Cochran's croaking gecko
- Conservation status: Least Concern (IUCN 3.1)

Scientific classification
- Kingdom: Animalia
- Phylum: Chordata
- Class: Reptilia
- Order: Squamata
- Suborder: Gekkota
- Family: Sphaerodactylidae
- Genus: Aristelliger
- Species: A. cochranae
- Binomial name: Aristelliger cochranae Grant, 1931

= Cochran's croaking gecko =

- Genus: Aristelliger
- Species: cochranae
- Authority: Grant, 1931
- Conservation status: LC

Species of lizard

Cochran's croaking gecko (Aristelliger cochranae), also commonly known as Cochran's Caribbean gecko and the Navassa gecko, is a species of lizard in the family Sphaerodactylidae. The species was described in 1931 by Chapman Grant and named after notable American herpetologist and artist Doris Mable Cochran. The species received one of its common names from the loud croaking call of the male during the mating period.

==Description==
A. cochranae has a snout to vent length (SVL) up to 63 mm in males and 53 mm in females. It has relatively short and massive legs. The colour of its body varies from beige brown to chestnut red and the back exhibits light spots. A dark chestnut crossband extends from the snout to the head, the nape, and the eyes. The largest part of the tail is dark grey to black. The hatchlings have clear white crossbands on the tail.
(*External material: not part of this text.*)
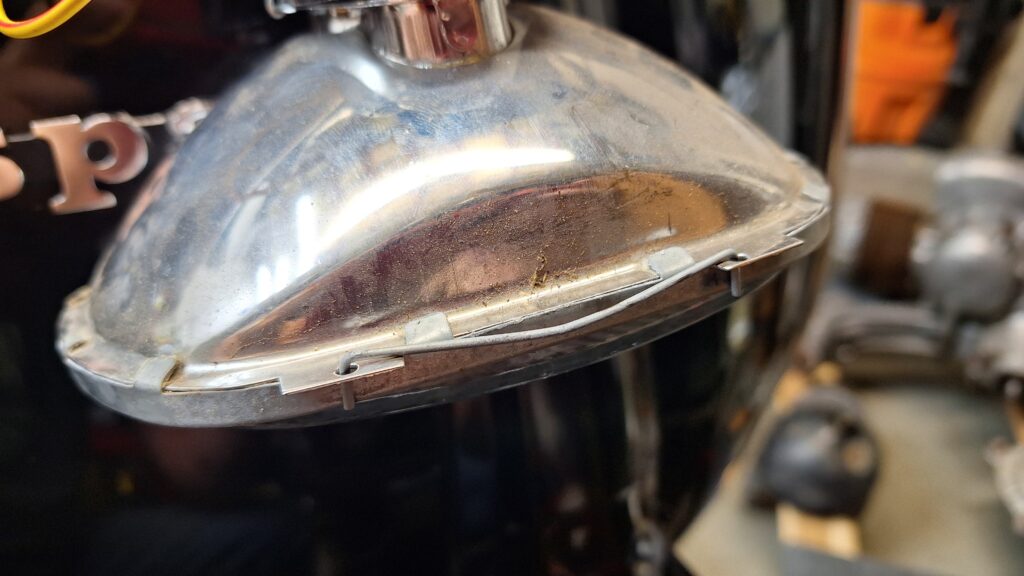 The headlamp is removed with two small screws that secure the chrome trim to the bulb housing. To access the screws, you have to swing the handlebars full left and then full right to be able to loosen using a small screwdriver. From there, the bottom of the trim tilts out and then removed by lifting a tab out of a slot in the handlebar frame. You might be able to see it in one of the photos below.

==Occurrence and biology==
Cochran's croaking gecko is endemic to Navassa Island, an island between Haiti and Jamaica. It is relatively common despite its small habitat of 5.2 km² (2 sq mi). It is nocturnal and arboreal, which means that it lives and preys entirely on the branches or under the bark of ficus trees or fan palms (Thrinax morrisii ). Its diet consists of insects.